-- Exercise prompt --
Produce word for word the lines of the data below running from the one that has "10 > 2001:7f8:64:225:0:4:8112:1" to the one that has "Auch mehrere der", inclusive, and no others.
─── Listed entries
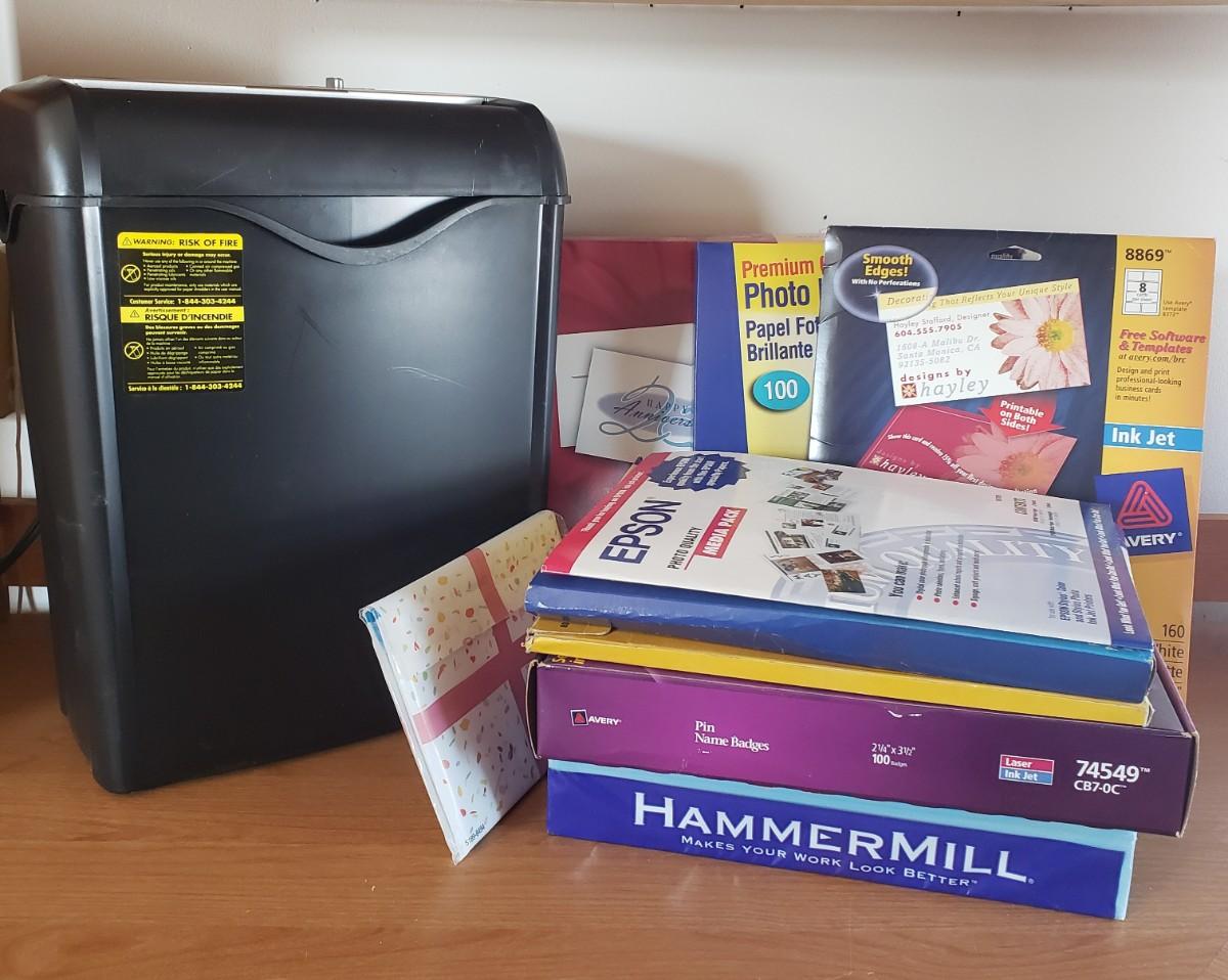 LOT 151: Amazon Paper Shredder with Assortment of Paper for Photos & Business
──────
─── Listed entries
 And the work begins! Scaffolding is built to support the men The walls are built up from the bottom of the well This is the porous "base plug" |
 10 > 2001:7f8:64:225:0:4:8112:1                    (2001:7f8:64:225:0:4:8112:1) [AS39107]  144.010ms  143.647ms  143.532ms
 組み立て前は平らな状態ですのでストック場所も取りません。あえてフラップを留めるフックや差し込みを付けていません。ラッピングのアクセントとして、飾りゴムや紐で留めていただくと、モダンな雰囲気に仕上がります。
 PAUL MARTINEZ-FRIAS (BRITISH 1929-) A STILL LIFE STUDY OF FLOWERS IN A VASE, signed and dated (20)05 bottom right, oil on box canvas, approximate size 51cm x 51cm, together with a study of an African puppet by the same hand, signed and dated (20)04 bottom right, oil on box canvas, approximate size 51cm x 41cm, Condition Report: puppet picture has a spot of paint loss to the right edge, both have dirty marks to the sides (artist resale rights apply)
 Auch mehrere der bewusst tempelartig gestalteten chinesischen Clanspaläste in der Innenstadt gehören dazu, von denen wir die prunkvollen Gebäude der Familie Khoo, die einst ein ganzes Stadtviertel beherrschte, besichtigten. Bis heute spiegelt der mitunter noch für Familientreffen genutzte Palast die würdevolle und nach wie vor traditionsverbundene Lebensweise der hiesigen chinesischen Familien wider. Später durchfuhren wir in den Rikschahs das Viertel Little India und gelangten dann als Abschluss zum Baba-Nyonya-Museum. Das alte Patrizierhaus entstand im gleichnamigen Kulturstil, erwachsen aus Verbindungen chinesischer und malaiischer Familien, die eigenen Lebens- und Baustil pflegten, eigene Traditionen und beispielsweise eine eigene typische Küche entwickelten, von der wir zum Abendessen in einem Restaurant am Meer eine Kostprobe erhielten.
──────
-- Result below --
 10 > 2001:7f8:64:225:0:4:8112:1                    (2001:7f8:64:225:0:4:8112:1) [AS39107]  144.010ms  143.647ms  143.532ms
 組み立て前は平らな状態ですのでストック場所も取りません。あえてフラップを留めるフックや差し込みを付けていません。ラッピングのアクセントとして、飾りゴムや紐で留めていただくと、モダンな雰囲気に仕上がります。
 PAUL MARTINEZ-FRIAS (BRITISH 1929-) A STILL LIFE STUDY OF FLOWERS IN A VASE, signed and dated (20)05 bottom right, oil on box canvas, approximate size 51cm x 51cm, together with a study of an African puppet by the same hand, signed and dated (20)04 bottom right, oil on box canvas, approximate size 51cm x 41cm, Condition Report: puppet picture has a spot of paint loss to the right edge, both have dirty marks to the sides (artist resale rights apply)
 Auch mehrere der bewusst tempelartig gestalteten chinesischen Clanspaläste in der Innenstadt gehören dazu, von denen wir die prunkvollen Gebäude der Familie Khoo, die einst ein ganzes Stadtviertel beherrschte, besichtigten. Bis heute spiegelt der mitunter noch für Familientreffen genutzte Palast die würdevolle und nach wie vor traditionsverbundene Lebensweise der hiesigen chinesischen Familien wider. Später durchfuhren wir in den Rikschahs das Viertel Little India und gelangten dann als Abschluss zum Baba-Nyonya-Museum. Das alte Patrizierhaus entstand im gleichnamigen Kulturstil, erwachsen aus Verbindungen chinesischer und malaiischer Familien, die eigenen Lebens- und Baustil pflegten, eigene Traditionen und beispielsweise eine eigene typische Küche entwickelten, von der wir zum Abendessen in einem Restaurant am Meer eine Kostprobe erhielten.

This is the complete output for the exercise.